- Opening Delimiter -
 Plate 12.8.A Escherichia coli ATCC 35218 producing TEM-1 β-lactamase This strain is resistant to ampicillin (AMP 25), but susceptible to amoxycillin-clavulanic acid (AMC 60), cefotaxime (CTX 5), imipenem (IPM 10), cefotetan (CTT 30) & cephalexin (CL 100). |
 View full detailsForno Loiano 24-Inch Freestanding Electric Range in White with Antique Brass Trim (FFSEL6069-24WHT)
- Closing Delimiter -
- Opening Delimiter -
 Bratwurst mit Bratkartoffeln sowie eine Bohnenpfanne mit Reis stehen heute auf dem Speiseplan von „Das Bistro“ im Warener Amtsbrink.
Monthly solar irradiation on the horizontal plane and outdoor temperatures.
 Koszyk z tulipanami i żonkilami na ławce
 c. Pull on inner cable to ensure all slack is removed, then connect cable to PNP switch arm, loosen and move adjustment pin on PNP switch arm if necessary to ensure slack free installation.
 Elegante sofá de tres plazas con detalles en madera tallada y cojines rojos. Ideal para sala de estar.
- Closing Delimiter -
Please copy, exactly and with nothing else, the lines above beginning at the line that has "Bratwurst mit Bratkartoffeln" and ending with the line that has "Koszyk z tulipanami i żonkilami na ławce".

__OUTPUT OF THE EXERCISE__:
 Bratwurst mit Bratkartoffeln sowie eine Bohnenpfanne mit Reis stehen heute auf dem Speiseplan von „Das Bistro“ im Warener Amtsbrink.
Monthly solar irradiation on the horizontal plane and outdoor temperatures.
 Koszyk z tulipanami i żonkilami na ławce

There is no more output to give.